Paxos solves this problem. It guarantees two things: (1) only a single value is chosen (safety), and (2) if a majority of servers are alive and can communicate, a value will eventually be chosen (liveness, modulo the FLP impossibility result).

Single-Decree Paxos: Agreeing on One Value

The protocol has three roles: proposers (who suggest values), acceptors (who vote on values), and learners (who learn the chosen value). In practice, every server plays all three roles.

Phase 1: Prepare and Promise

A proposer picks a unique ballot number n (think of it as a priority or version number, monotonically increasing and globally unique) and sends Prepare(n) to a majority of acceptors.

Each acceptor that receives Prepare(n) checks: is n higher than any ballot I have previously promised? If yes, the acceptor sends back Promise(n), pledging not to accept any proposal with a ballot number less than n. If the acceptor has previously accepted a value in some earlier ballot, it includes that value in the promise so the proposer knows about it.
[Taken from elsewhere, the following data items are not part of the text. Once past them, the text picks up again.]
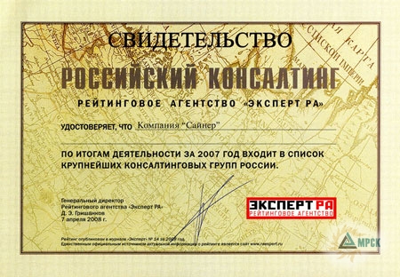 На 2008 год компания Сайнер ставит перед собой такие цели, как:
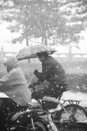 立春已过一月,可中原大地始终没有暖和起来。昨天,一场“桃花雪”降临我市,给初春的市区带来一些寒意。图为市民在滨河路上冒雪前行。 晚报记者 朱海龙 摄
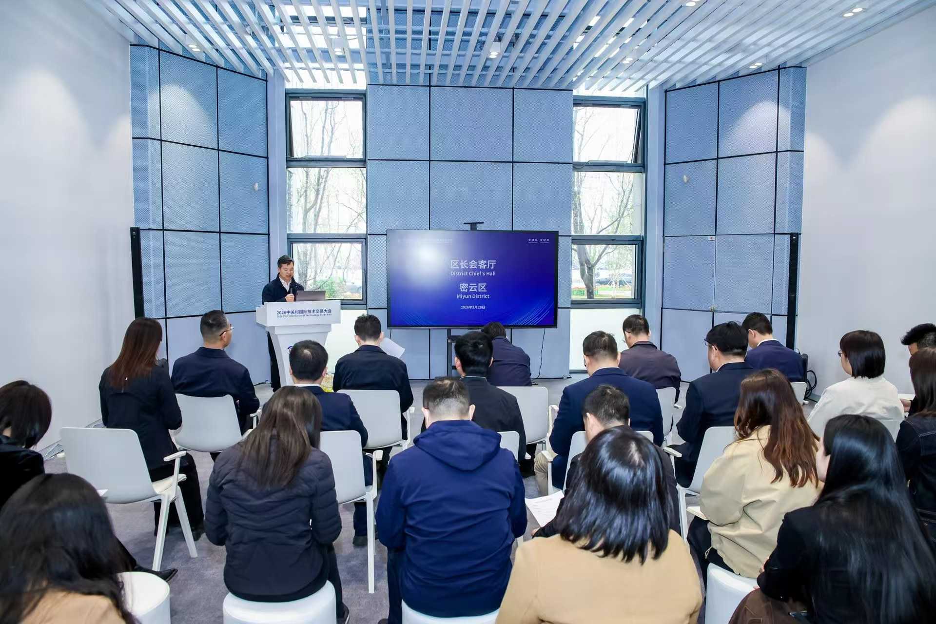3月28日下午,2026中关村论坛年会中关村国际技术交易大会“区长会客厅”密云区专场在中关村国际技术交易中心成功举办。密云区政府副区长施辉阳,区投资促进服务中心党组书记、主任金海江,中关村密云园工委书记、管委会主任张治,区经济和信息化局副局长王效辉出席活动,与创新项目代表深入交流。区科委党组书记、主任彭根明主持活动。
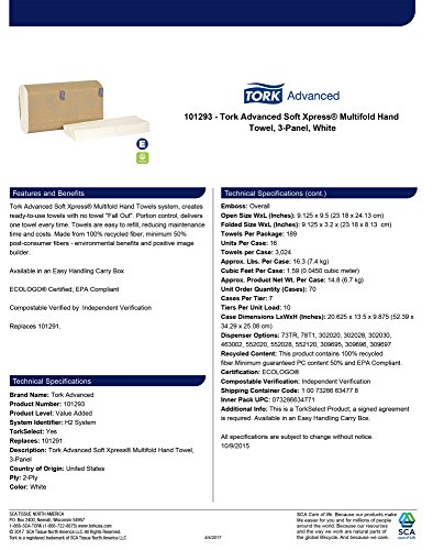 -. Title : Tork Advanced 101293 Soft Xpress Multifold Paper Hand Towel, 3-Panel, 2-Ply, 9.125" Width x 9.5" Length, White (Case of 16 Packs, 189 per Pack, 3024 Towels)
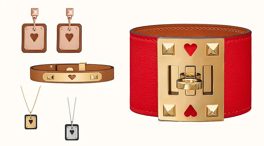 HERMÈS 全新推出2021年新配饰系列As De Coeur Collection,每款单品上都有一个可爱的小桃心,可爱满分!系列中的手镯也有多色可选,其中Swift小牛皮窄版手镯最让人“种草”!手镯选用玫瑰金色金属制成,并饰有精致的镂空爱心,很难不心动!
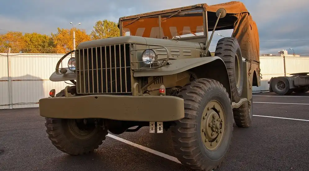Военным шоферам Додж запомнился в том числе своей отличной устойчивостью. Перевернуть его, в отличие от узкого Виллиса, очень тяжело, почти невозможно. И это неудивительно: Dodge широк, а центр тяжести расположен достаточно низко. Под широченными крыльями стоят широкопрофильные колёса с разъёмными дисками, что сильно упрощало замену резины в случае необходимости. Вместо водительской двери стоит запасное колесо, поэтому сесть на место водителя можно лишь через пассажирское. Неудобно, конечно, но зато эта «запаска» не занимала полезное пространство внутри внедорожника и хотя бы немного защищала водителя от случайных осколков. Каждый раз лазить через пассажира было неудобно, поэтому многие эту запаску снимали, открывая более привычный доступ к месту водителя. Я бы даже сказал, очень лёгкий доступ: дверей у машины нет совсем. Есть, правда, ремень, который накидывался через тот проём, где у большинства других автомобилей стоит пассажирская дверца. Подножка, на которой установлено запасное колесо, имеет небольшой изгиб. Вполне можно было бы обойтись и без него, тем более что с пассажирской стороны она абсолютно прямая, но эстетика есть эстетика. Без неё себе американцы войны не представляют.
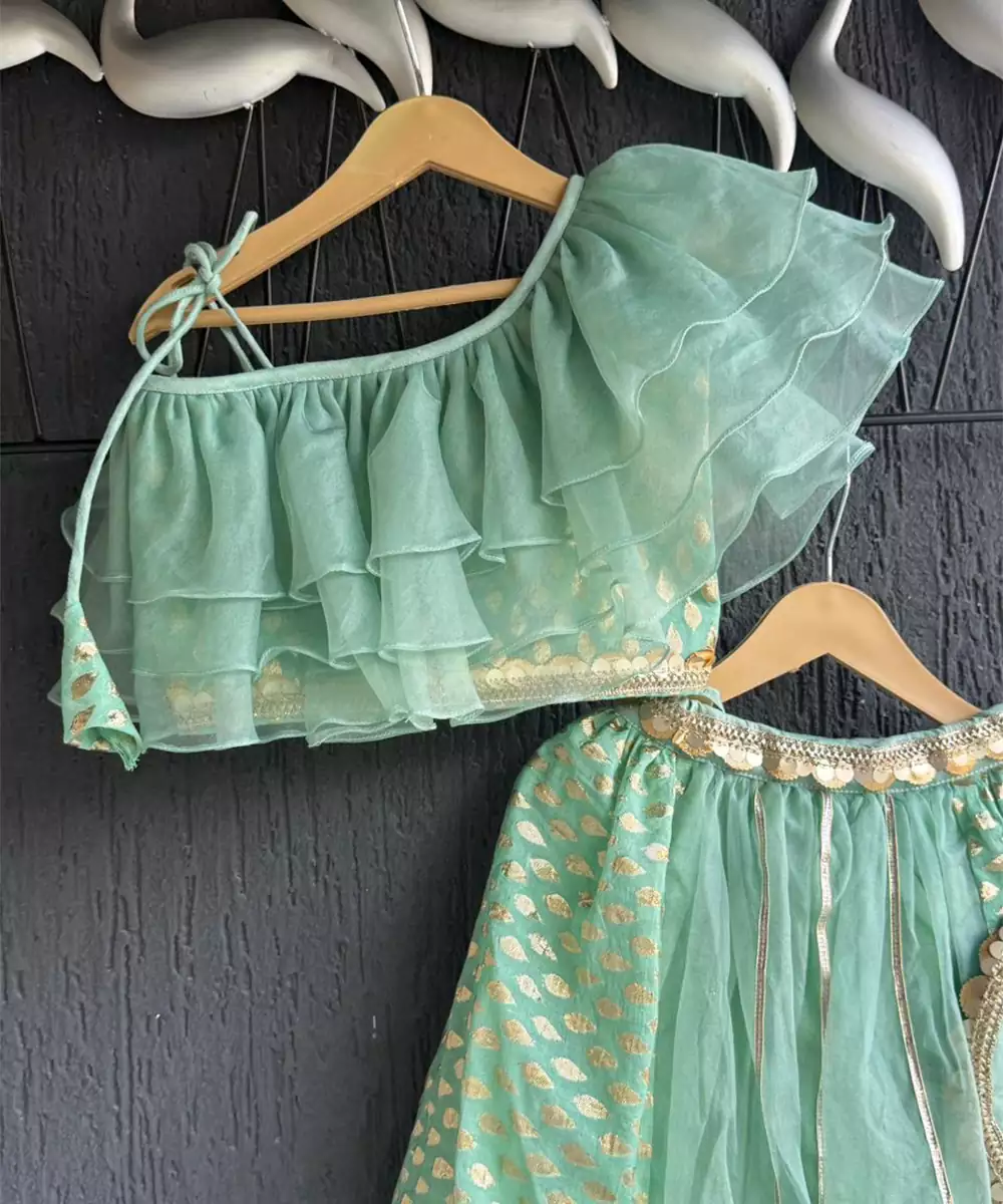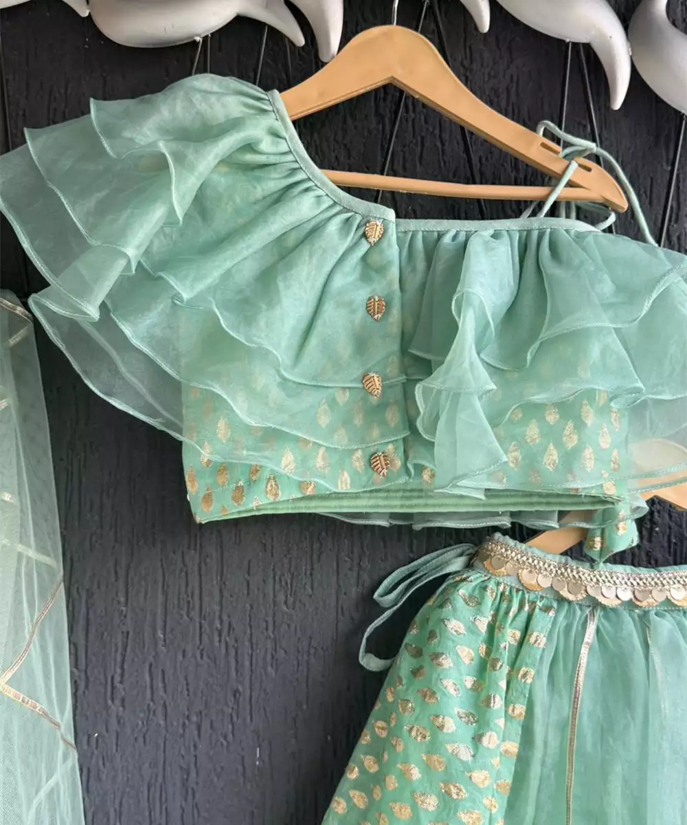 Pastel Green Off Shoulder Blouse With Frills And Lace Embellishments.And With Attached Duppata . Top With Back Opening . Blouse With Cotton Lining .Green Chanderi And Organza Panels At The Bottom With Embroidered Lace At The Belt . Lehnga With Adjustable Drawstrings For The Waist To Adjust . Lehnga Comes With Beautiful Tassels Written "Maasi Ki Shaadi " " Chachu Ki Shaadi" Mamu Ki Shaadi "Tassels On The Lehnga To Give A Customised Look.For Any Cusotmisations Contact Us On 9389741726.
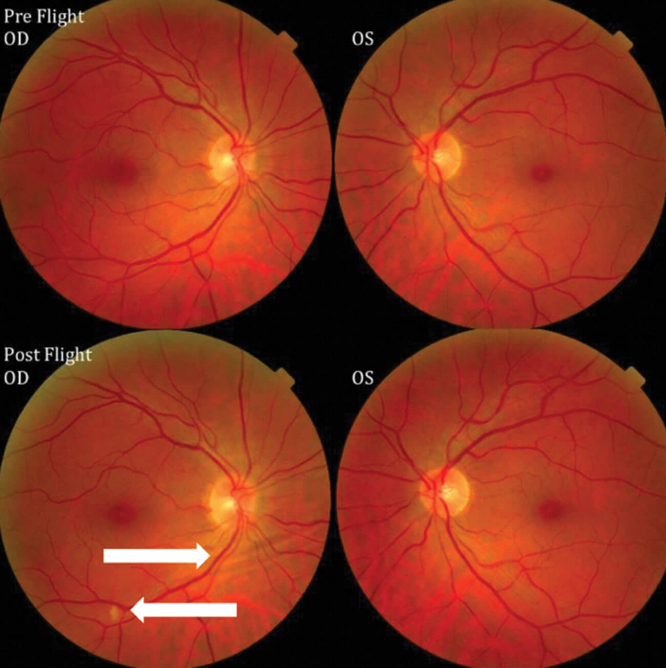 In the astronauts exposed to microgravity environments, posterior globe flattening, and pituitary dome concavity was also noted [5]. Fluid shifts within the brain have been shown on post-flight MRI. Limitations to inflight diagnostic procedures are caused by equipment portability and technical factors. Orbital ultrasound, fundoscopic examinations and OCT scans are used onboard the ISS, all of which have a role in detecting globe flattening, optic disc oedema, chorioretinal folds and cotton wool spots. More recently, with the introduction of the OCT angiography (OCTA) on the ISS, changes in choroidal blood flow may better our understanding of the cephalad fluid shift theory and SANS [6].
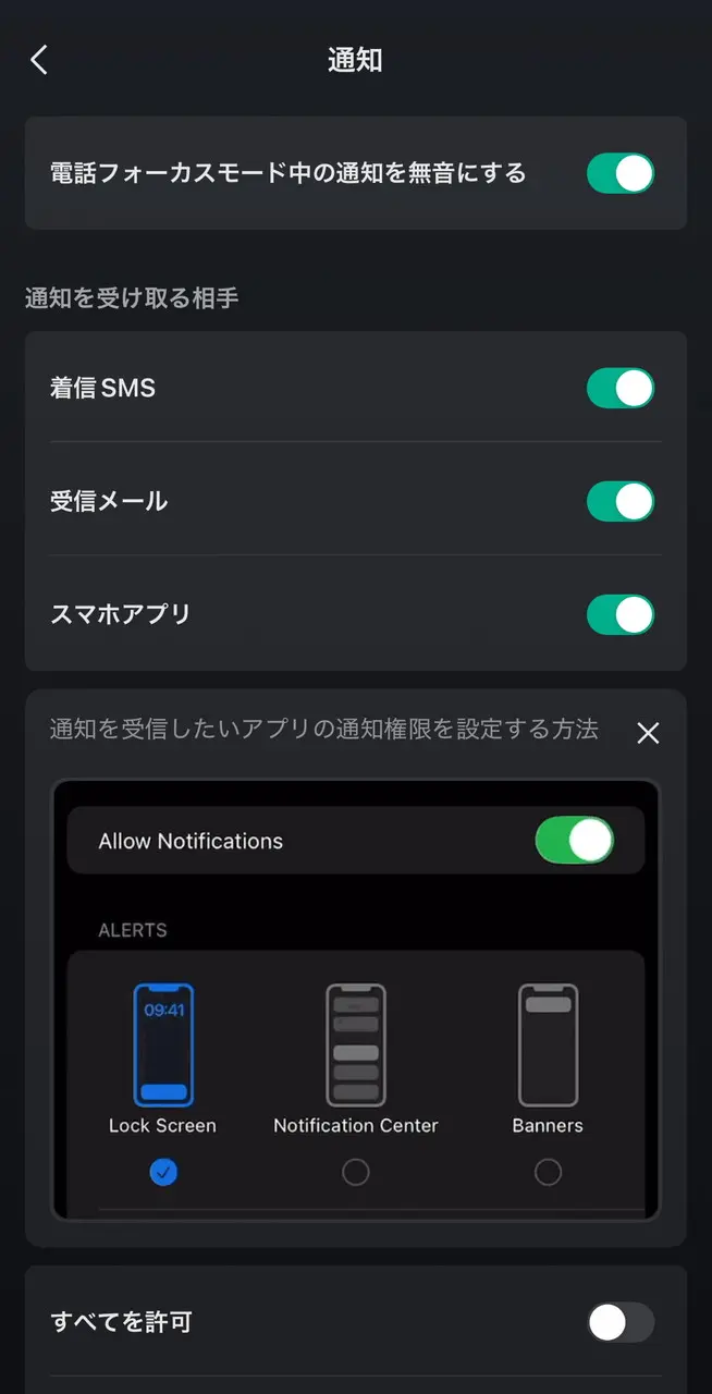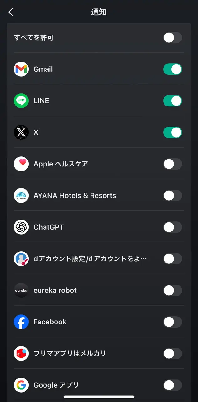 ▼アプリごとに通知のON/OFFを切り替えられる点もGOOD。
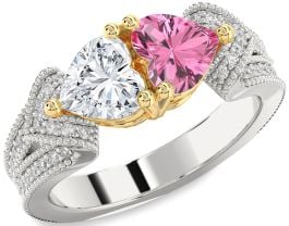 This Promise ring features two heart-shaped center stones nestled together in a side-by-side setting, symbolizing unity and lasting affection. The band is beautifully adorned with intricate pave-set accents and beaded milgrain detailing that frame the hearts with elegance. The elaborate design and craftsmanship make it a timeless statement of deep love and enduring devotion.
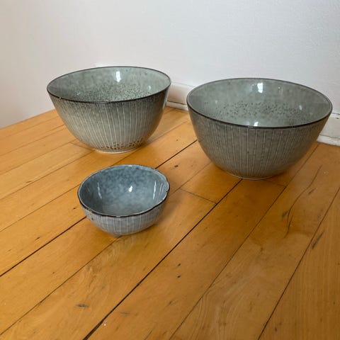 Sælger Broste Copenhagen Nordic Sand skåle, 8 stk. 17 cm og 8 stk. 22,5 cm.
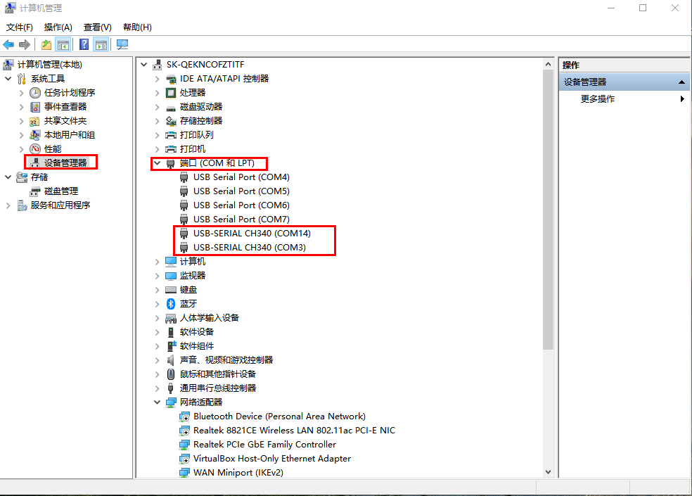 點擊電腦計算機,右擊鼠標,點擊設備管理器,查看端口,確認2條USB-RS485串口線的COM口號,有人測試電腦是COM3和COM14
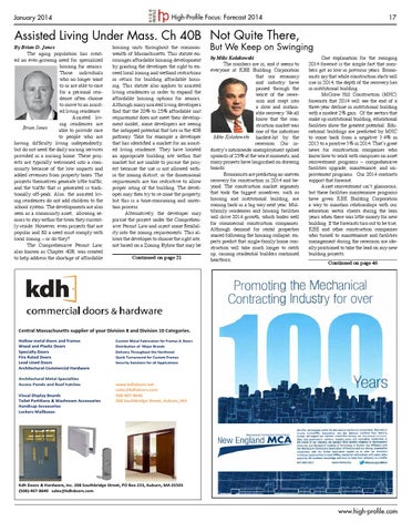 housing units throughout the commonwealth of Massachusetts. This statute encourages affordable housing development by granting the developer the right to exceed local zoning and wetland restrictions in return for building affordable housing. This statute also applies to assisted living residences in order to expand the affordable housing options for seniors. Although many assisted living developers find that the 20% to 25% affordable unit requirement does not meet their development model, some developers are seeing the untapped potential that lies in the 40B pathway. Take for example a developer that has identified a market for an assisted living residence. They have located an appropriate building site within that market but are unable to pursue the project because the use is not allowed within the zoning district, or the dimensional requirements are too restrictive to allow proper siting of the building. The developer may then try to re-zone the property, but this is a time-consuming and uncertain process. Alternatively, the developer may pursue the project under the Comprehensive Permit Law and inject some flexibility into the zoning requirements. This allows the developer to choose the right site, not based on a Zoning Bylaw that may be Continued on page 21
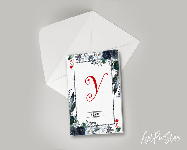 Watercolor Floral Flower Bouquet Initial Letter Y Heart Monogram Note Cards
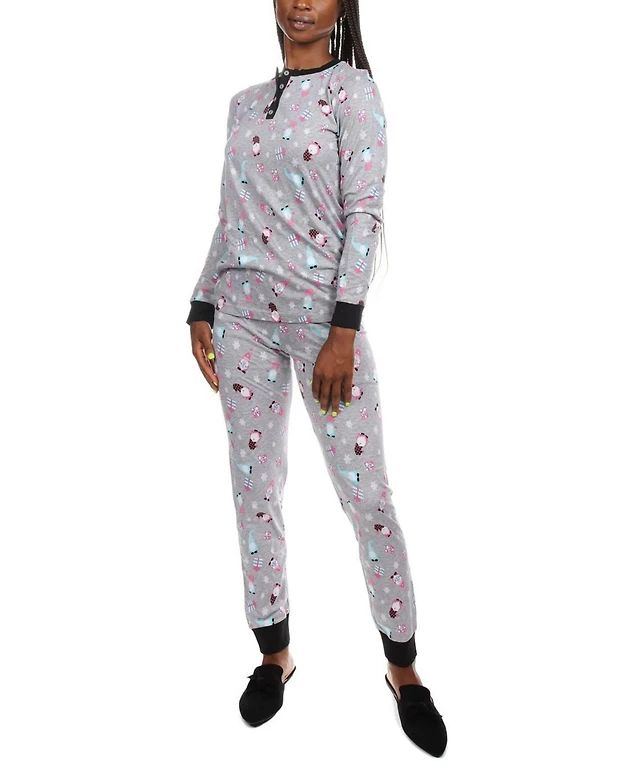MeMoi Women's Holiday Gnomes Cotton Blend 2 Piece Pajama Set
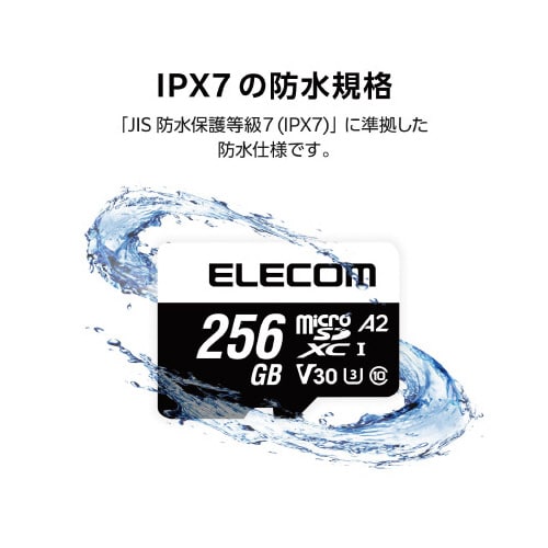 ビデオカメラやVlogカメラにおすすめ!4K対応のmicroSDXCメモリーカードです。 |
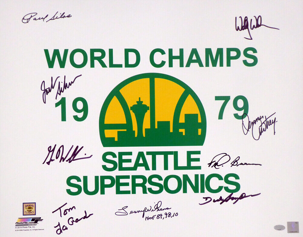 This is a 16x20 Photo that has been hand signed by 9 members if the 1978-79 NBA Champions Seattle Supersonics. Signatures include Lenny Wilkens, Fred Brown, Gus Williams, Jack Sikma, Paul Silas, Wally Walker, Dennis Awtrey, Dick Snyder & Tom LaGarde. This item was signed in the presence of a Mill Creek Sports representative and comes with their serial numbered hologram and matching certificate of authenticity. We have a few of these in stock. Autograph size and location may vary, but will be of equal quality.
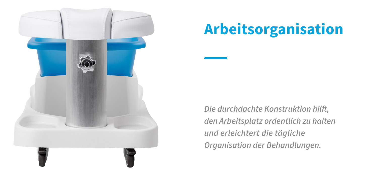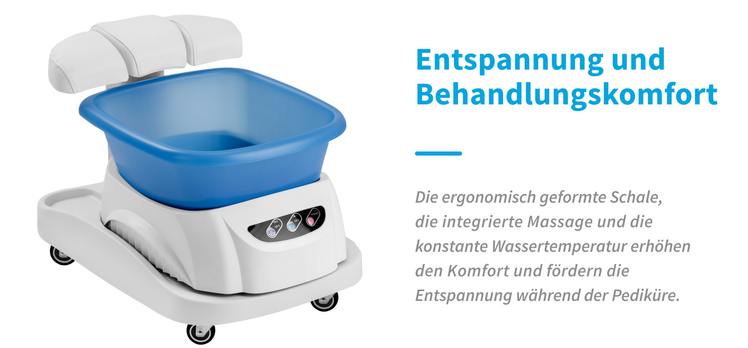 Die ergonomisch geformte Wanne ermöglicht eine bequeme Fußpositionierung, während integrierte Massagefunktionen und die konstante Wassertemperatur den Behandlungskomfort erhöhen. Die robuste Konstruktion gewährleistet Langlebigkeit bei intensiver Nutzung, und die verwendeten Materialien erleichtern die Reinigung und Hygiene.

If no, the acceptor ignores the prepare message (or sends a rejection).

Phase 2: Accept and Accepted

Once the proposer receives promises from a majority of acceptors, it moves to Phase 2. Here is the critical rule: if any of those promises included a previously accepted value, the proposer must use that value. It cannot substitute its own. This is what ensures that a value, once chosen, stays chosen. Only if no promises include a previously accepted value can the proposer use its own.

The proposer sends Accept(n, v) to a majority of acceptors, where v is the value (either its own or the one it was forced to adopt from the promises).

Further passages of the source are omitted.